- Other names: Arachne (Guardian, others) Anarche (Independent) Rosa Klebb (Financial Times) Aranya (New Statesman)
- Occupation: Crossword setter

= Sarah Hayes (crossword compiler) =

British crossword setter

Sarah Hayes, usually known as Arachne, is a British cryptic crossword setter. She sets puzzles for The Guardian, The Independent (as Anarche), the Financial Times (as Rosa Klebb), the New Statesman (as Aranya), and The Times, and advanced cryptics for The Listener crossword (The Times), Enigmatic Variations (The Daily Telegraph) and the Inquisitor (The Independent). Hayes's clues are often smutty or political and make frequent use of the generic she.

==Biography==
Hayes holds an MPhil in Russian and between 1979 and 1997 was a lecturer in Russian studies at the Victoria University of Manchester, where she published A Study of English Nautical Loanwords in the Russian Language of the Eighteenth Century. Hayes's first crossword was published in the Independent Saturday Magazine on 25 May 1996, and after setting some advanced barred grid cryptics for various papers on a freelance basis, she was hired by The Guardian to help set up their beginner-level "Quiptic" crossword. From there, she got a regular slot in The Guardian and other broadsheets. Hayes also took part in the BBC Radio 4 series David Baddiel Tries to Understand..., setting a beginner's crossword for the show and putting together a guide to solving cryptics.

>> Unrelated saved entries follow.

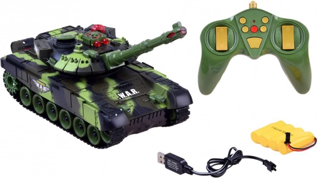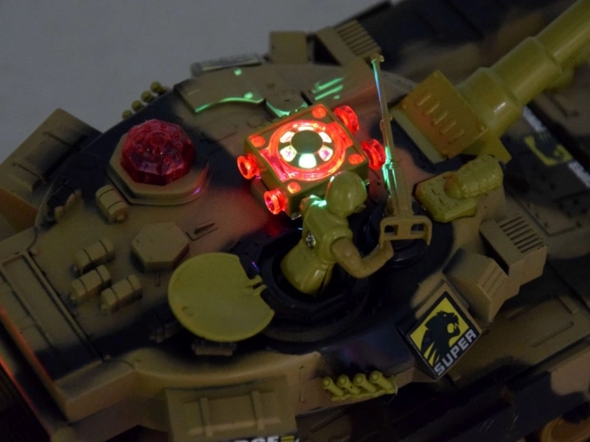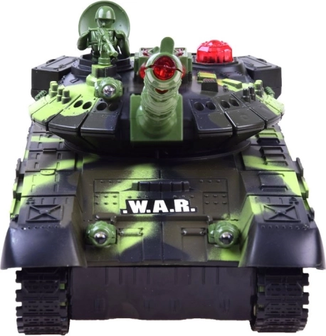 Der Panzer ist mit LED-Beleuchtung (Front-LEDs, Effektlichter im Turm) und Soundeffekten (Motor, Kanonenschuss, Maschinengewehr) ausgestattet. Nach drei Treffern wird der Gegner für ca. 30 Sekunden außer Gefecht gesetzt und das Duell kann von vorne beginnen. Weiche Gummiketten sorgen für guten Grip und gleichmäßige Bewegung auf unterschiedlichen Untergründen.
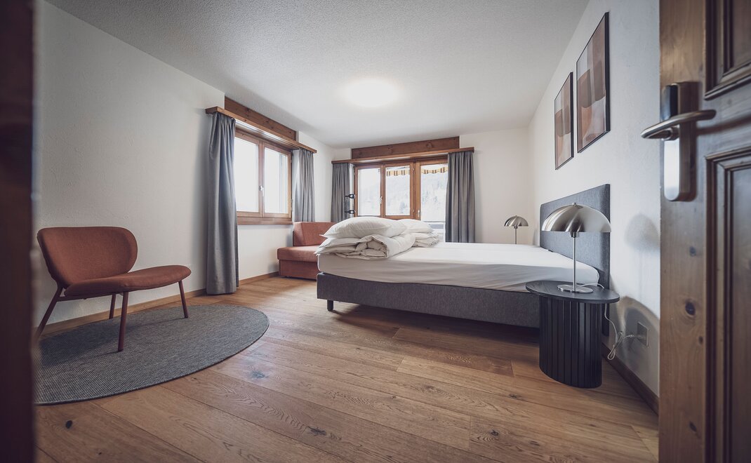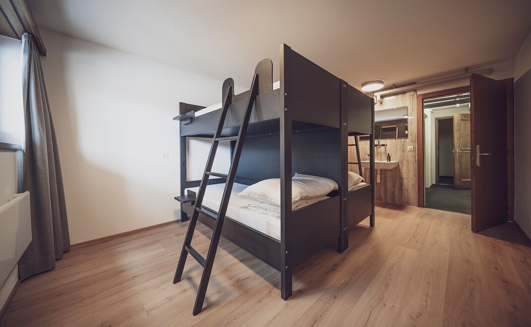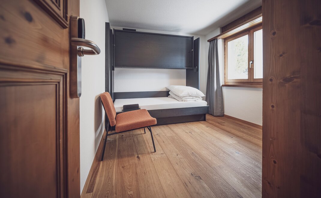 One of the highlights is the large rooftop terrace on two sides, with unobstructed views of the Jakobshorn and Tinzenhorn – the perfect spot for your first coffee in the morning or a relaxing after-work beer with a view. Guests sleep in a mix of double and single beds. The rooms are simple, newly furnished, and designed for groups. In winter, you can bring your skis with you – there is a ski room in the house.
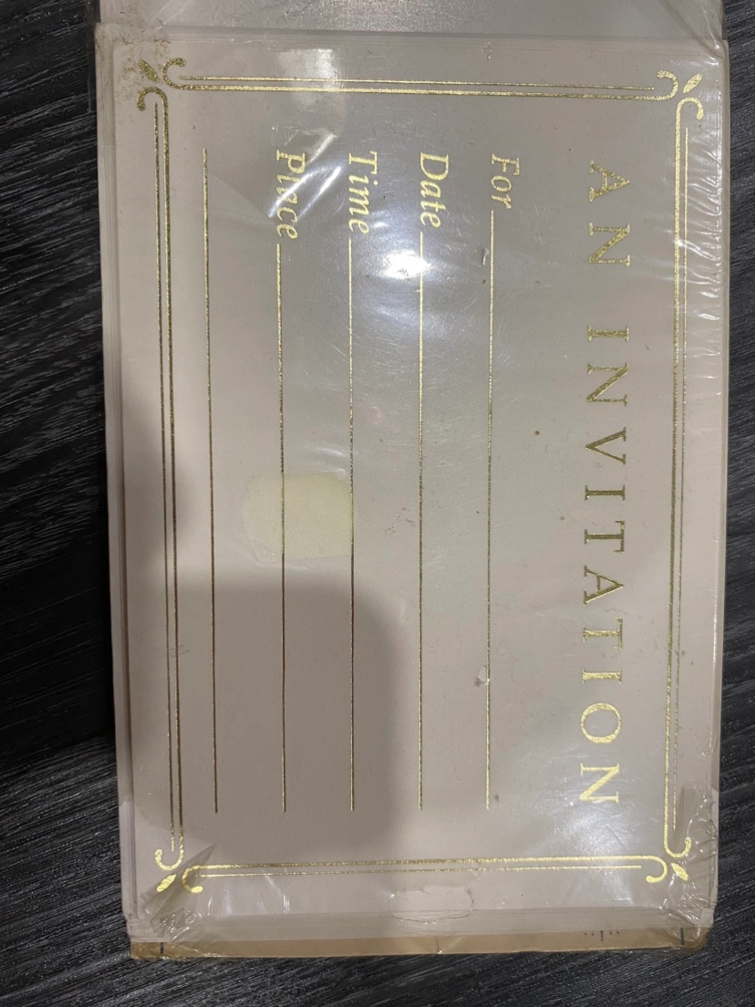 A package of blank invitations from Hallmark. The invitations are white with gold lettering. The invitations measure approximately 4" x 6.5"

After retiring as a lecturer in 1997, Hayes studied for a diploma in intelligence and international relations. She currently lives in Burnage, Manchester, and for several years ran an online bookshop with her husband Nick.

==Style==
Hayes describes herself as an "anarcho-horizontalist" and her crosswords often reflect her political leanings – one of her most often cited clues reads "Throw shoe! Bugger invaded Iraq! (6,4)", which has the solution GEORGE BUSH (an anagram of "shoe bugger") and references the Bush shoeing incident. Her other political crosswords have commented on current affairs, such as a puzzle in The Independent during the Leveson inquiry that referenced many of the main players in the case, or drawn attention to injustices: one puzzle included hidden messages "JUSTICE NOT DONE" and "DANIEL MORGAN" in the form of ninas as part of a campaign against police corruption, while another included the names of undercover police officers from the Special Demonstration Squad who had deceived protesters into sexual relationships.

After her clue "Woman in charge of automobile club (6)" (DRIVER, a double definition of "motorist" and "golf club") proved surprisingly controversial, Hayes has also made a point of including women and the generic she where possible in clues.

Arachne puzzles often use sexual innuendo, to the extent that she is sometimes reined back by her editors.

==Pseudonyms==
Her Guardian pseudonym, also used in The Listener and other puzzles, is drawn from the mythical Greek weaver Arachne, and references her hobby of amateur weaving. "Anarche", used in The Independent, is an anagram of "Arachne" and hints at her political views. "Rosa Klebb", used in the Financial Times, is taken from the James Bond villain, and references Hayes's background in Russian and her politics – the name is itself a pun on the Soviet feminist slogan khleb i rozy. "Aranya", her pseudonym in the New Statesman, is the Catalan for "spider".